Google? They gave up on building a nationwide broadband network. One day they were making announcements and planting rainbow-colored rabbit signs everywhere. The next day they went silent and expansion stopped. Some of their retreat was simply the result of bad strategy while some was due to changes in management. One day their fiber network was a pillar of their future strategy, the next it was a backwater.

This same pattern has played out time and time again across Google’s product line. Did you build a community on Google+? You remember Google+. It was destined to be a key part of every major Google service – and now it’s being shut down. Did you build a messaging service dependent on Google Hangouts? The service has more than a billion installed users globally, but if you built your business on the platform you’re now screwed. It is being shut down as well.

You’d think that companies would learn from these experiences, but apparently not. Google Assistant and Google Home have recently been a significant focus of Google’s marketing machine. They want everyone to build integrations, and have been building partnerships for everything from music to e-commerce in the hopes of beating Amazon. Both would like to become the one voice assistant to rule them all. You’d think companies would learn from Google’s past behavior and be wary. At the very least, you’d think they would demand long term support, data ownership, and the escrow of key software and data. But yet again, they are rushing onto the platform like sheep to the slaughter.

One of two things is going to happen. Either the service will become hugely valuable like search (google.com), video (youtube.com) and maps (maps.google.com); in which case Google will gradually change the rules so that any money the technology generates flows to them instead of their partners. Or, as with Hangouts, Google+, Google Wave and dozens of other technologies, Google will simply shut it down and move on to the next shiny object.

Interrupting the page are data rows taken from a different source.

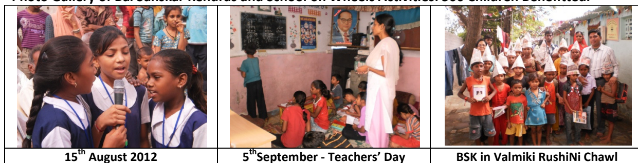
Photo Gallery of Bal Sanskar Kendras and School on Wheels Activities: 500 Children Benefitted.
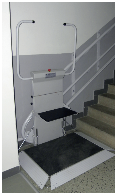
Special platform sizes and asymmetrical shapes to custom fit any staircase and maximize user friendliness!
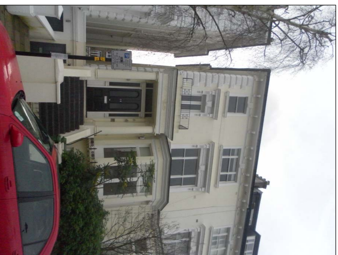
No. 14 BELSIZE SQUARE
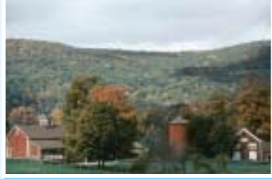
Farm in Kent, CT

A national heritage area has a distinctive history and geography, nationally important resources, and a story of broad interest to tell. The United States Congress officially designates national heritage areas and funds them through the National Park Service budget. There are 23 designated heritage areas. Though the National Park Service provides
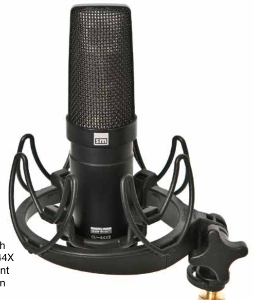
Shown with included S-44X Shock Mount Suspension
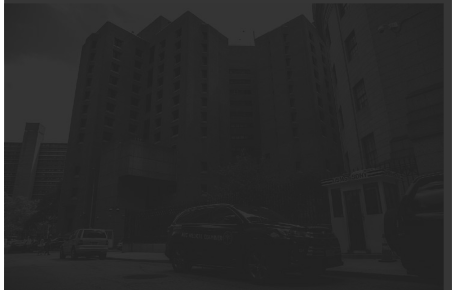
A medical examiner vehicle is seen at the Metropolitan Correctional Center, where Jeffrey Epstein was found dead, on Saturday.
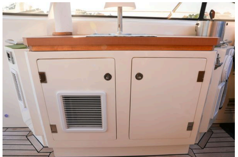
2007 Astondoa 53 Open Cruiser interior with wooden countertop and storage cabinets.
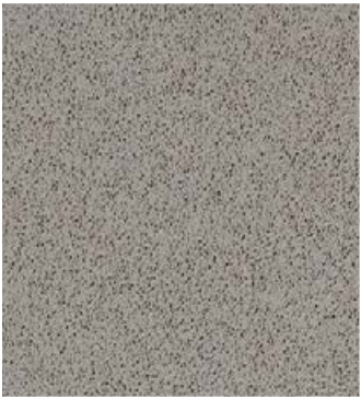
Urban™ 2040 S

Concrete Finish surfaces may require increased daily maintenance due to their unique patterns and finishes. Due to the authentic robust design of some of the decors and its inherent textural movement and patina, some variations in visual appearance may occur between slabs.
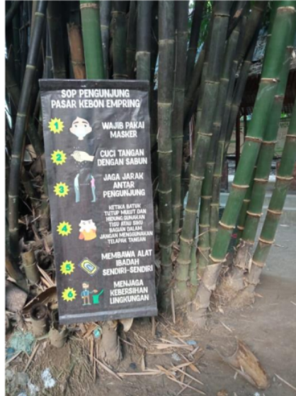
Figure 5. Health Protocol of PKE

Meanwhile, the challenges faced by the PKE management are related to a decrease in tourist visits. This certainly has an effect on the decline of the economy. One of them is in the tourism sector. One of the efforts to survive in pandemic is to make a new plan. This means that business actors must be able to keep the company alive with various promotional efforts carried out during the pandemic. In addition, more visit promotions directed at nature tourism which is indeed the location open and avoid crowds to prevent the transmission of the covid-19 virus. Selling affordable ticket prices, providing a variety of promos and discounts as well as free masks for all tourists who use our services are also carried out as an effort to minimize challenges faced during the pandemic. 20
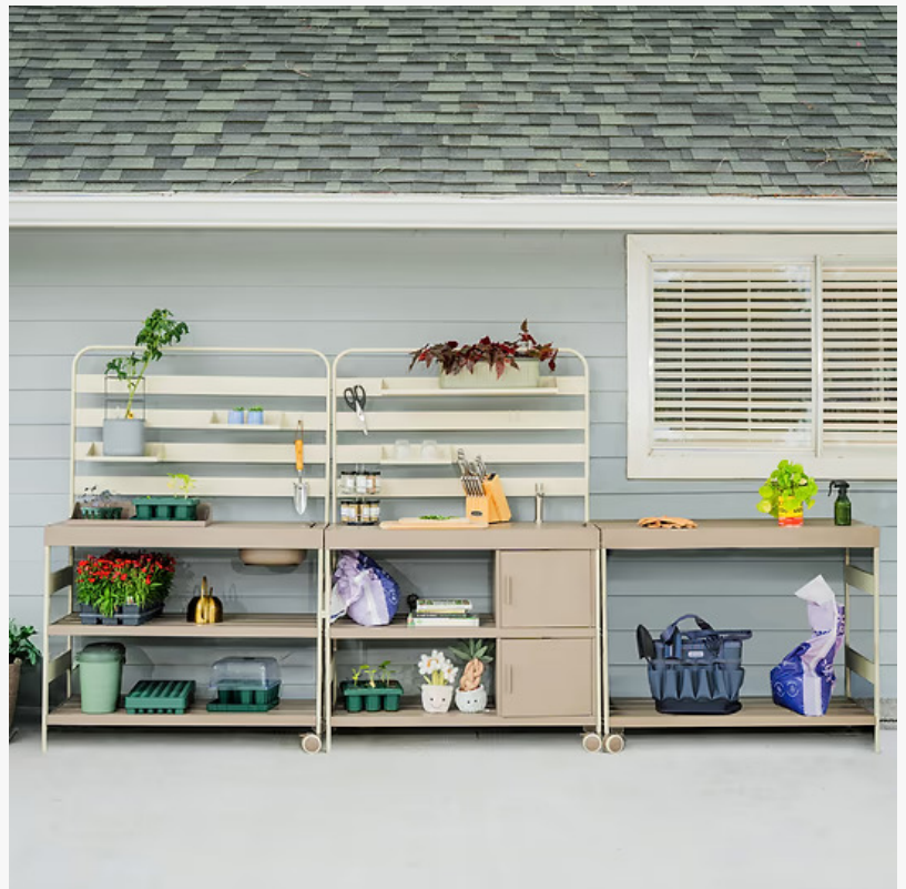
Full Patio Workstation
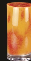
DHS : 12/15
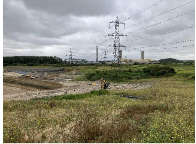
Remediated area 8 August 2024
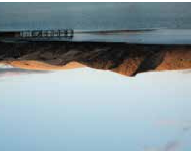
Second Valley.
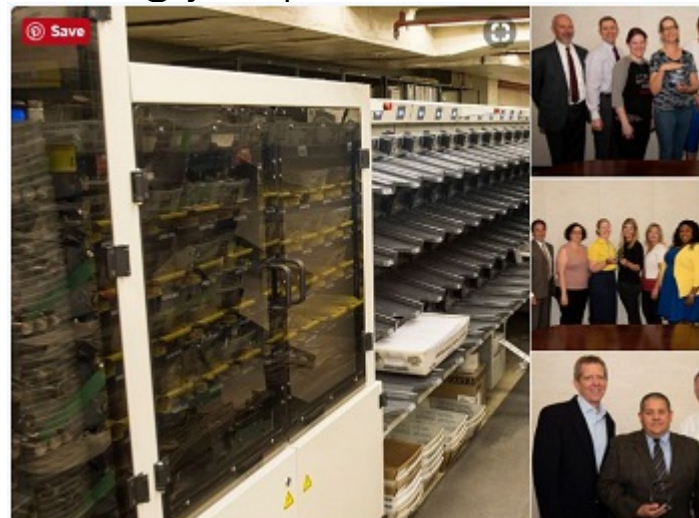
DMV received three awards from @AAMVAConnection for customer convenience and service, fraud prevention and detection, and improved efficiency. The projects,
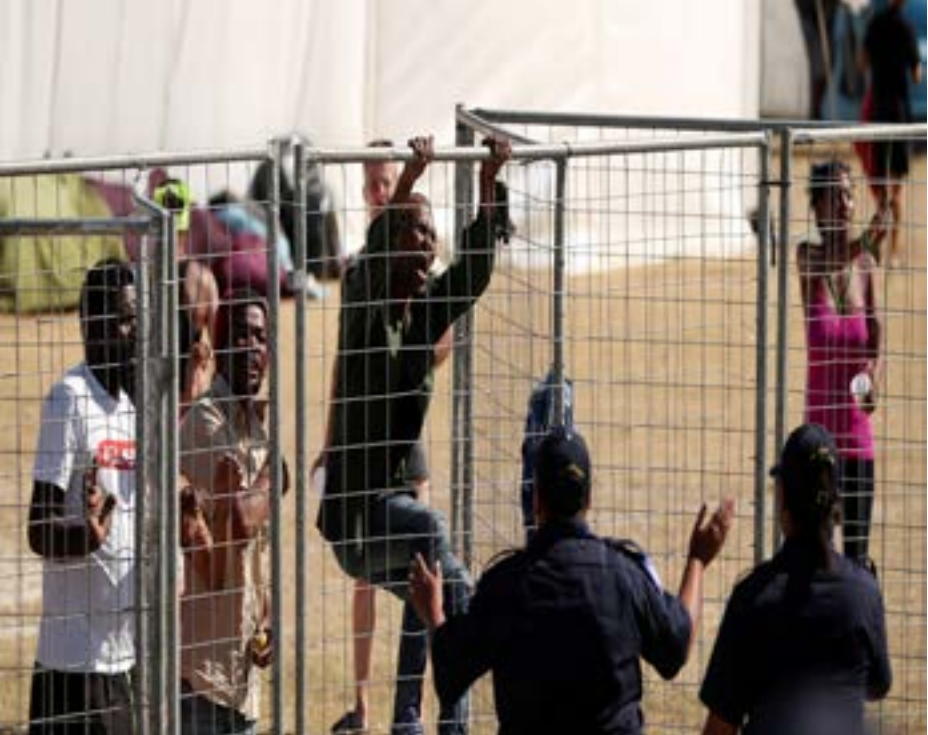
Tensions flare as homeless people attempt to speak to journalists at a camp set up by disaster management authorities during the 21-day nationwide lockdown aimed at limiting the spread of coronavirus disease (COVID-19) in Cape Town
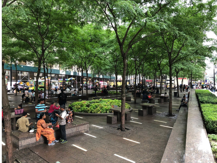
East side of Zuccotti Park on a cloudy afternoon
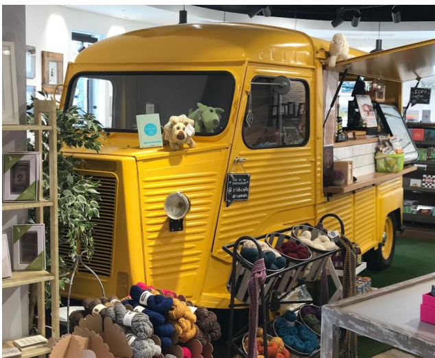
Citroen food truck in a gift shop, Doolin

When that happens, I hope there are other players left in the market to provide companies with the technologies they need. At Wicked we found Google’s marketing of their fiber network to be extremely helpful. Community leaders finally understood that Internet access is a right and that we should make sure every single person has equal access to information. Unfortunately, failure on Google’s part may also destroy competition and cede the market to the other player. After all, the birth of Google+ killed dozens of social media startups. Its failure has now left Facebook standing as the only global alternative.

Why any company would engage with Google, Amazon, Apple or Facebook continues to mystify me. In various combinations, these companies have a long track record of abusing vendors, wrecking partners, abusing labor, and treating their user’s data as a commodity to be monetized and sold. Companies who want to succeed long term should embrace open standards, develop on open platforms. Stay clear of initiatives from companies like Google and Amazon that couldn’t care less what shutting down their services means to customers and partners.